Di samping menjalani karier sebagai pentolan grup musik dangdut Soneta Band, Rhoma memang dikenal cukup eksis dan menjadi aktor langganan industri film nasional pada era 1970-an hingga 1990-an.
Kekuatan karakter itulah yang membuat Rhoma Irama selalu memerankan sosok pemuda yang sama dengan namanya. Seakan telah menjadi konsensus publik pada masanya, apa pun filmnya, jagoannya tetap Rhoma Irama.
Berbekal sederet bintang film nasional, Nada dan Dakwah berhasil menyabet Best Original Story dan Best Sound pada ajang penghargaan Festival Film Indonesia tahun 1992.
Tidak cukup sampai di situ, film yang ditulis oleh Asrul Sani itu juga masuk sebagai nominasi Best Film, Best Director, Best Actor, Best Supporting Actor, dan Best Original Score. Keren, kan?
Memetik Dua Pelajaran
Jika Anda sudi menonton kembali film yang kini berseliweran di laman YouTube, maka Anda akan memetik dua pelajaran penting dari Nada dan Dakwah.
Pertama, tetesan air lama-kelamaan akan menghancurkan kerasnya batu.
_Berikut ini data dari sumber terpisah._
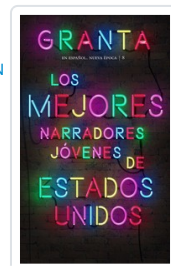
GRANTA ESPAÑOL NE, 8 MEJORES NARRADORES EE.UU. AA.VV.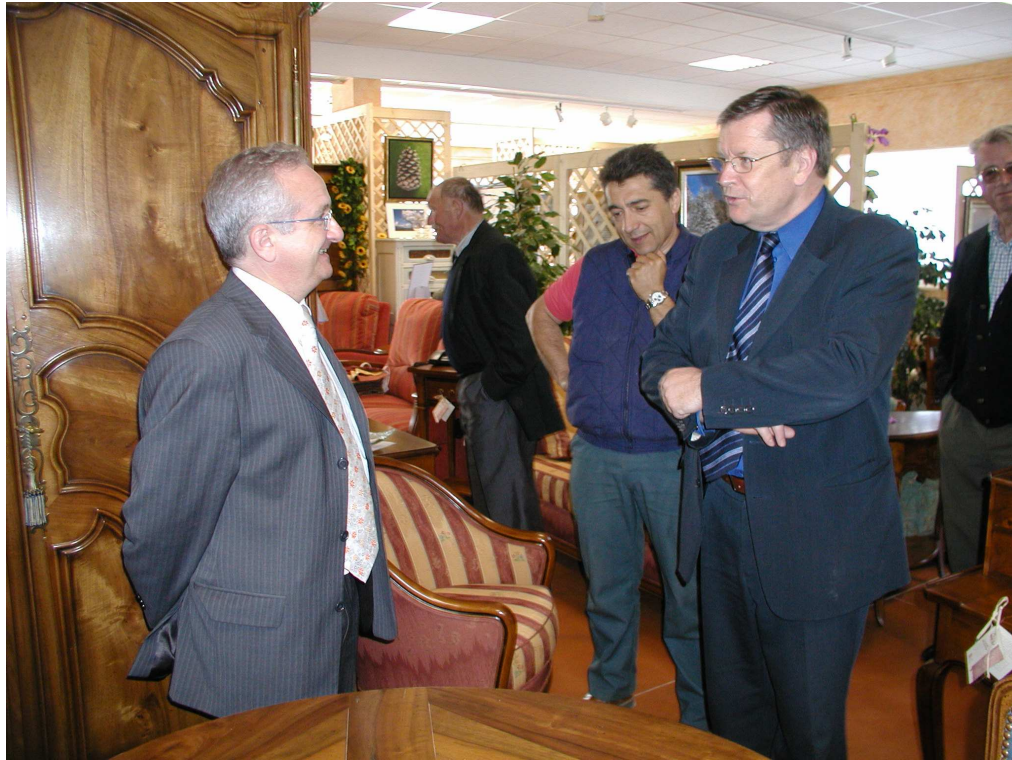
Joël MERCIER, Sous-Préfet de Saint-Flour en visite à Pierrefort le 8 juin 2005

Cela s'ajoute aux nombreuses actions menées en faveur du tourisme : guide d'accueil, film promotionnel, dépliants d'appel, topo-guide, site internet..., aux non moins nombreuses activités proposées par les permanents (activités sportives, visites de ferme, accueil de cars...) et aux multiples manifestations organisées par les associations et qui offrent une belle attractivité à notre pays.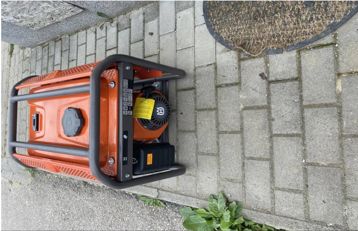
10., Husqvarna G3200P aggregátor: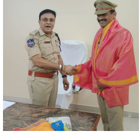
-సీబి కి నిబ్బందికి నన్యానం.

జమ్మికుంట, సెప్టెంబర్ 30( మన వార్త ప్రతినిధి):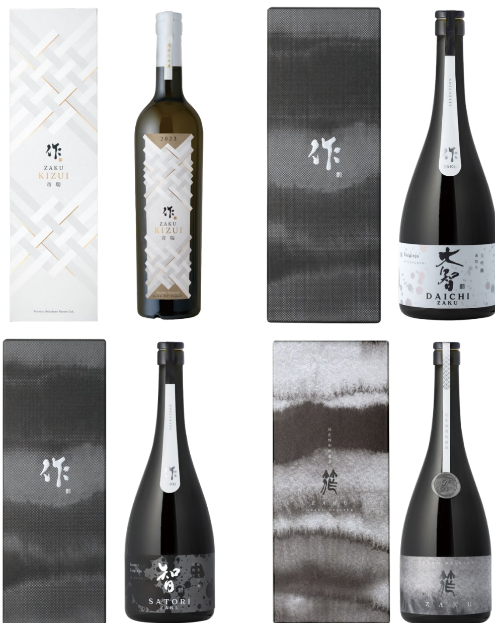
清水清三郎商店・日本酒の代表銘柄「作（ZAKU）」シリーズのうち、「SHIMENAWA（しめなわ）」先行導入予定商品

そこで世界中で「SAKE」を通じて国や世代を問わず、人と人がつながり、かけがえのないひと時が過ぎていく。そんな時を紡ぎ、人をつなぐお手伝いをしていくことを目指している清水清三郎商店としてこの世界的な潮流に乗り、代表銘柄「作（ZAKU）」ブランドで伝統産業の酒造りと新しいテクノロジーを融合させ、これまでタッチポイントの創出が困難であった若い世代を中心とした新たな顧客層・ファンをグローバルに獲得していくと共に、ファン同士、ファンとブランドの新しいつながり方の構築も目指していくために「SHIMENAWA（しめなわ）」を導入することにしました。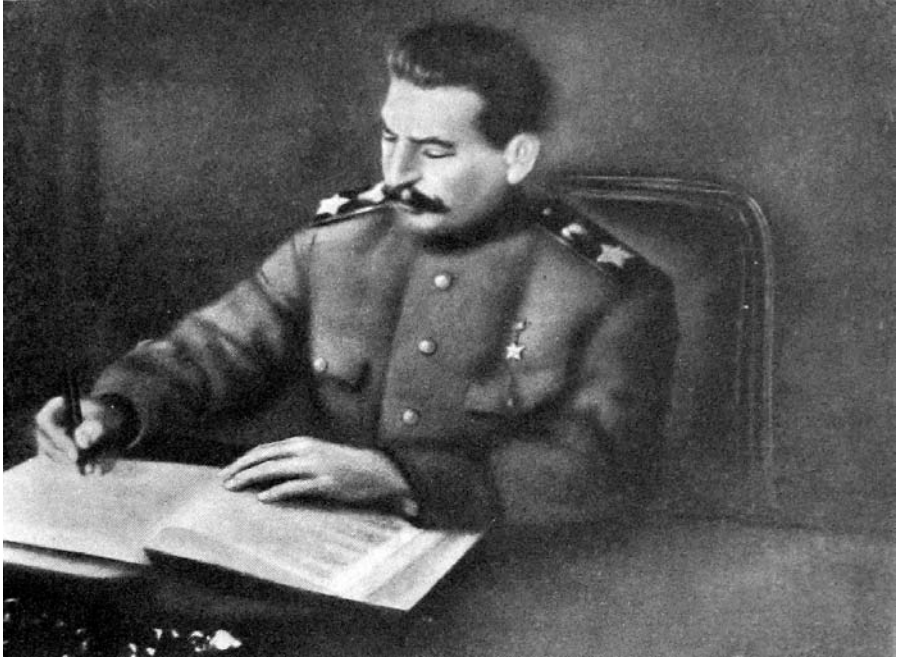
Generalissimus Józef Stalin podpisuje pakt polsko-radziecki 21 kwietnia 1945 roku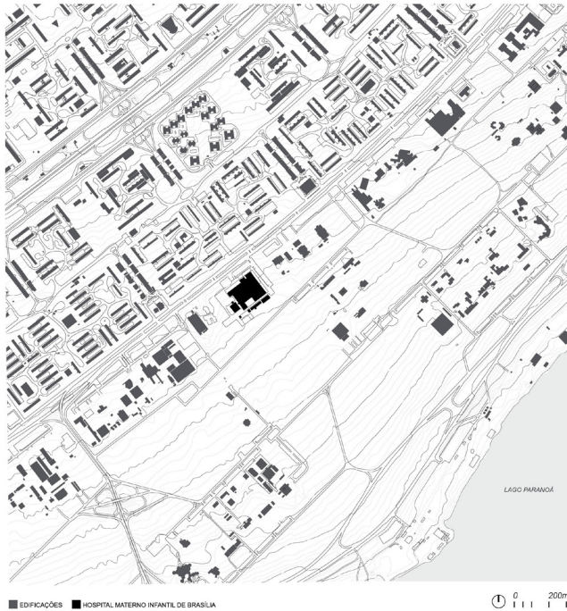
Figura 4: Mapa de localização do HMIB. Elaboração: Ione Almeida, 2021.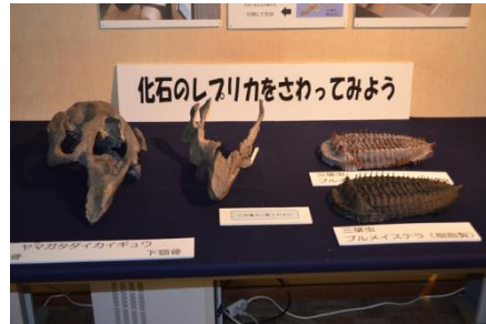
化石のレプリカをさわってみよう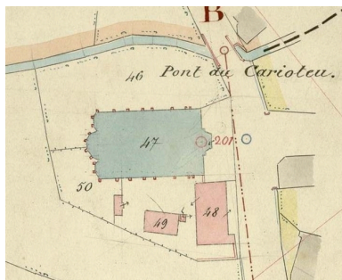
Extrait de la feuille cadastrale E1. Plan de situation en 1897 (AD Nord ; série P : P 31 / 712 / 012863).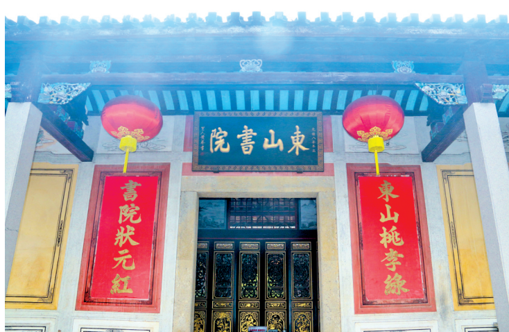
东山书院学风鼎盛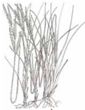
FENÀS ( Brachypodium retusum )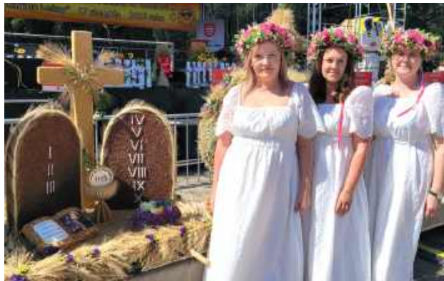
Wieniec wykonany przez sołectwo Siedliska

nalnych przysmaków. Goście częstowani byli m.in. pierogami ruskimi i z grzybami, knezlami z mięsem, pyzami, flakami, bigosem, chłop-dogami, chlebem ze smalcem czy kompotem z pyrzu sporządzonego według receptury znanej tylko KGW Syrakius. Na miłośników słodkości czekały domowe wypieki, a na dzieci, kolorowa wata cukrowa od KGW Dąbrówka. Podczas dożynek zaprezentowało się około 50 stoisk.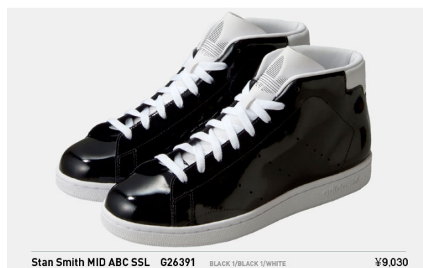
Stan Smith MID ABC SSL G26391 税込¥9,030-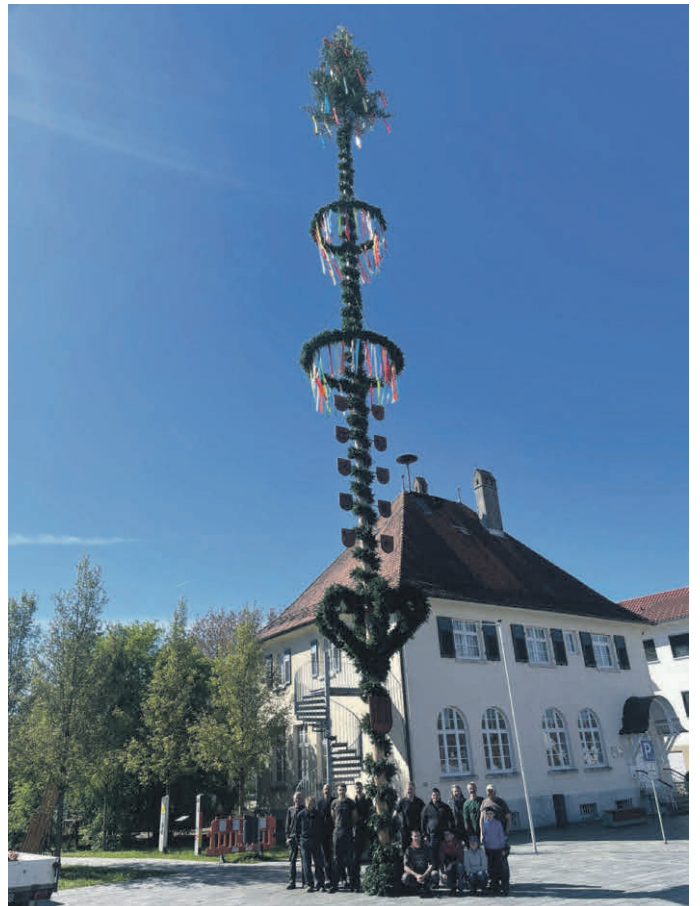
Arbeit verrichtet. Der Maibaum ist aufgestellt.

Persis seperti Rhoma yang melawan kesemena-menaan Bustomi dengan cara yang elegan: dakwah bergitar.
Dalam hidup, pasti Anda akan menemui orang yang keras kepala bin alpha. Sudah dibilangin masih saja ngeyel, alias sulit diberi tahu. Meyakinkan orang seperti harus dengan cara yang lembut. Kata Ari Lasso, sentuhlah dia tepat di hatinya.
Kendati biasanya memakan waktu lama, cara seperti itu biasanya memiliki efek yang permanen. Sekali kena, luluh selamanya.
Kedua, kesabaran pasti berbuah hasil positif. Kesabaran K.H. Zainuddin MZ dalam mendakwahi warganya yang keras kepala adalah buktinya. Tiga-empat kali diceramahi, barulah warga menyadari niat busuk Bustomi.
Jika dipikir-pikir, apa yang kita cita-citakan pasti tidak akan terjadi dalam waktu semalam. Butuh konsistensi, butuh kesabaran. Pepatah mengatakan, orang sabar disayang Tuhan.
Lebih-lebih bulan Ramadan. Bulan Suci saat kita diminta Sang Pencipta untuk berlatih sabar lewat ibadah puasa. Pekan-pekan awal terasa sulit, lama-lama menjadi terbiasa. Lagi-lagi, kuncinya hanya sabar.
Jika dua pelajaran tadi dapat Anda praktikkan dalam kehidupan sehari-hari, besar peluang hidup Anda lebih bahagia. Sebagaimana Nada dan Dakwah yang berakhir dengan senyuman Rhoma Irama.